In my last post, I:
- Made an argument that data promises to greatly improve (quality, effectiveness and efficiency) both the products that companies offer and business operations making companies that exploit what their data has to offer more competitive;
- Suggested that there are issues that inhibit a company’s ability to take advantage of this basic built-in resource; and
- Implied that not taking advantage of the data would be negligent and that the use of data will become necessary to be competitive going forward.
In this post, I suggest steps (on a macro and micro level) that we can take to improve their ability to tap into this resource. The items are listed in order of importance, in each category respectively:
- Acknowledge data analytics for what it is: 1) a mechanism to continuously improve business performance; 2) a productive strategy to extend and supplement your product offerings; and finally 3) a potential source of serious revenue. Data analytics is a triple threat and understanding its potential is the first step to exploiting it;
- Produce a unified definition of analytics. This is an ongoing process because the components that define the different approaches to analytics are constantly changing. But, without a complete and well-defined description of what analytics (both process and structure) is, it is difficult for practitioners to critically evaluate the potential tools as they work to apply the best techniques to the challenge at hand;
- Develop methodologies that are designed for both business and technical participants. A good methodology provides a shared approach (which is important for a multidisciplinary team, which is required to fully exploit the potential of analytics) that effectively guides the team through the steps necessary to consistently produce the best outcomes;
- We need to enhance data science training to include the kinds of tools that process consultants use to understand and reengineer business processes. This initiative has two targets:
- Making the data science domain experts more capable of analyzing business processes (working with business people to find the high yield opportunities) with a view towards applying their core training and experience (in data science) to the challenges at hand. This effort would focus on teaching the basics (and more advanced aspects as necessary) of business process reengineering which are key to introducing new technologies in ways that impact business processes and produce good outcomes.

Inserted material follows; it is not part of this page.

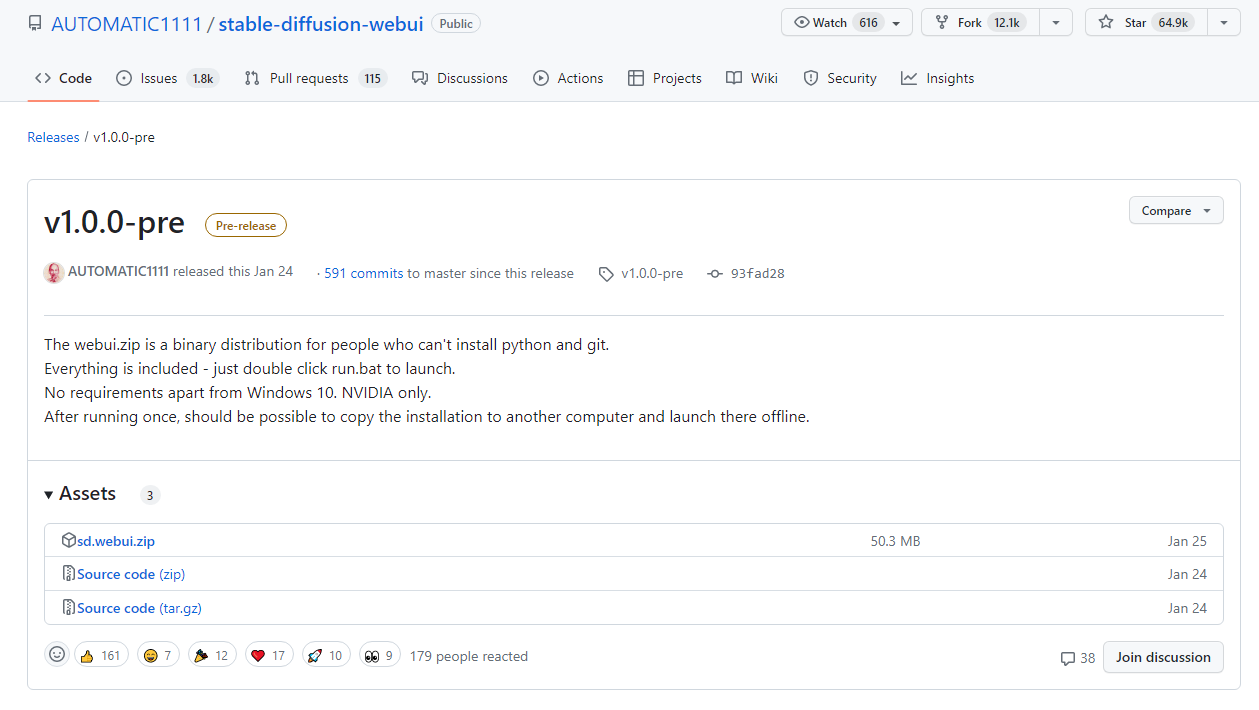Внимательные могли заметить один "пре релиз" в репозитории "AUTOMATIC1111/stable-diffusion-webui", мол уже готовые для использования файлы, даже Python и Git не надо устанавливать! Звучит круто, и я действительно это заметил только сейчас. Правда меня смущает одна строчка в конце "After running once...", и она гласит, что после первого запуска можно скопировать приложение на другой ПК и запустить без интернета.

- Provide data scientists the training and (more importantly) experience that will enable them to effectively collaborate with senior business leaders to strategies and tactics that support the incorporation of data analytics into the mission critical business processes and marquee products. This effort would focus on teaching advanced consulting skills. There is too much order taking and too little multidimensional (i.e. high value) consulting taking place.
My experience at PwC suggests that only 1 in 100 smart analysts will be able to master both the domain expertise (in this case data science) and the art of being able to collaborate with senior management. So, the process takes a substantial investment. It requires both training and mentoring. Many professional services firms have programs that can be the model for this kind of initiative and I would suggest that parts of it could be embedded in both college and graduate level programs, but it is clearly work that will need to be carried on long after graduation.
- Eliminate the stigma of technical subjects (especially data-related) being geeky from corporate culture. General managers (junior and senior) must be able and willing to participate in discussions that have substantial technically content. Some of my most productive collaborations with senior managers were the ones who were willing to engage in discussions of technology as being necessary components to the success of their overall business/product strategy. The most notable was with Pat Allin where we exchanged ideas and wove together solutions that addressed strategic business issues in innovative (through the use of technology) ways.
- Assign responsibility for this initiative to a senior member of your business management team. Make their responsibility (measurable goals and objectives) for the development of the initiatives associated with exploiting your data assets. This should include: bootstrapping the initiative (see following bullet points) and then ensuring that data becomes an integral part of the thought process every time a product is being developed/enhanced or someone is looking at business processes with an eye toward improving quality, effectiveness or efficiency.
- Develop a data strategy. Take the time to understand what data assets you have, where you are with regard to exploiting them and where you would like to be 1, 3 and 5 years from now. This is not a small task. Some of the data assets will almost certainly be in place and benefits of exploiting them will be obvious. Others will not be so easy to identify—and this is where the gold might be. They will require that operational systems start collecting data that is reasonably easy to cultivate, but is not currently being generated and collected.
At the end of the exercise (at a high level), you have an prioritized inventory of the assets you are going to develop, descriptions of what they are and how they will work as products or business process improvement opportunities, the resources you are going to need to execute on the strategy, the timeline for implementation and the ROI for each investment.
Make sure that senior management is involved in this work and understands the opportunity (to a reasonable level of detail) and buys off on the plan.
- Develop a strategy to attract, develop and retain top notch data scientists. The data game is just beginning. It will be big and it is a long-term play. If you are a smaller company, you might consider outsourcing this function to a partner (which means developing a relationship) who has the expertise and resources to work with you on your data-related initiatives.
- Bring together a multidisciplinary team (whose members have a defined time commitment to the effort) that can concentrate on data related initiatives, whether they are product development related or focused on improving the company’s operational ability to deliver high quality goods and services efficiently and effectively.
In closing I will state categorically (no ifs and or buts) that companies that miss the data analytics boat will be the losers. The winners will be those who embrace data and analytics as the powerful tools they are, embracing the data science disciplines necessary to succeed in the 21st century.